Starting at the line below holding "פנים חדר אמבטיה" and stopping at the line holding "the clock anymore.", print every line exactly, both ends included, and leave the rest out.

**EXERCISE MATERIAL:**
"""

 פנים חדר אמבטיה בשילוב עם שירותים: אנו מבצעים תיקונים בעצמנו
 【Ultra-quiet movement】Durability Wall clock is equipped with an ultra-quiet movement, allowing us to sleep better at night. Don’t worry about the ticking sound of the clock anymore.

"""
"""

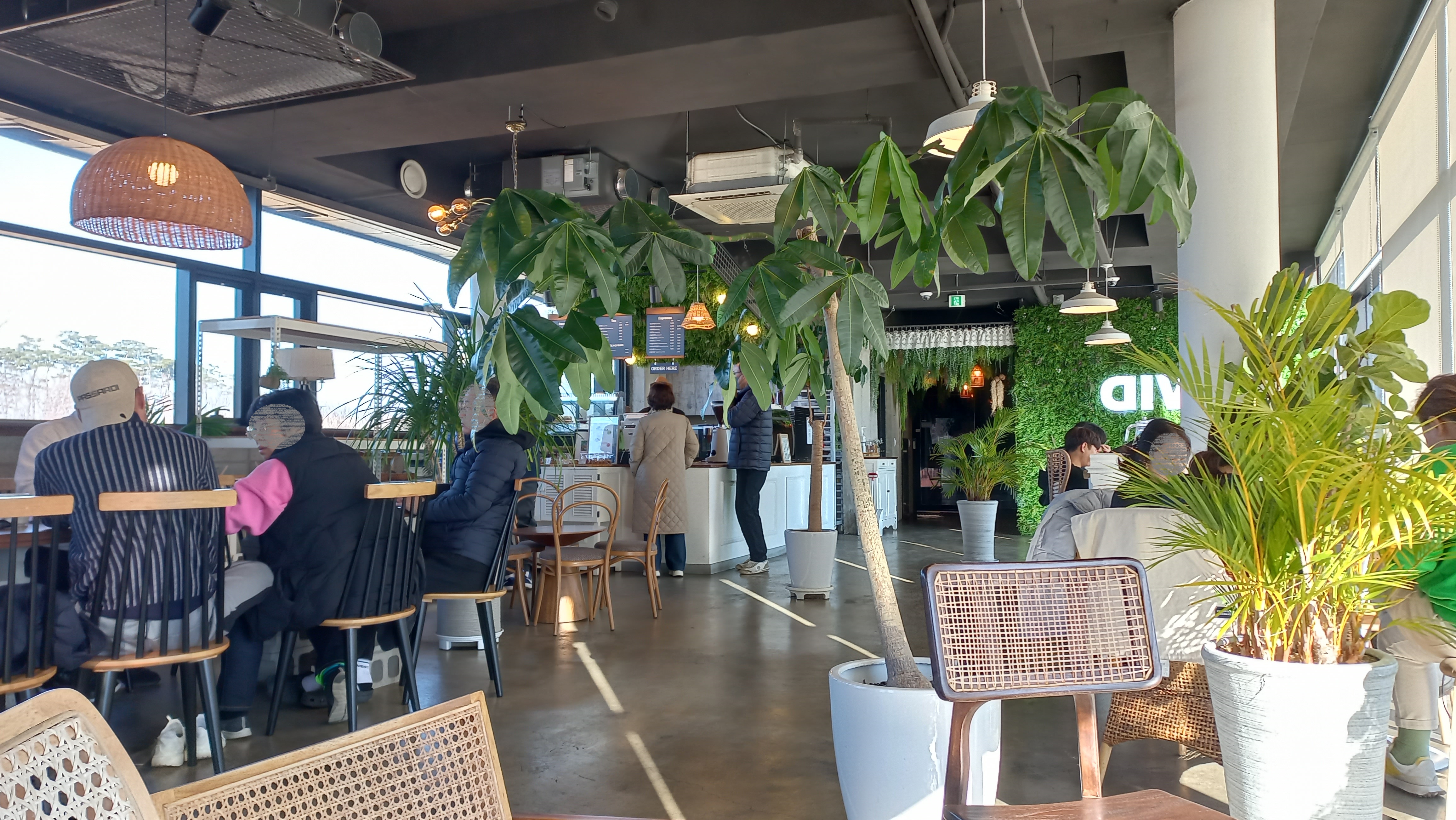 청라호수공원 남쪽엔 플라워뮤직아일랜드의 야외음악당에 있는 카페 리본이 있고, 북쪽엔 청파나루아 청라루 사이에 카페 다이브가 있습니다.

"""

**TASK ANSWER:**
 פנים חדר אמבטיה בשילוב עם שירותים: אנו מבצעים תיקונים בעצמנו
 【Ultra-quiet movement】Durability Wall clock is equipped with an ultra-quiet movement, allowing us to sleep better at night. Don’t worry about the ticking sound of the clock anymore.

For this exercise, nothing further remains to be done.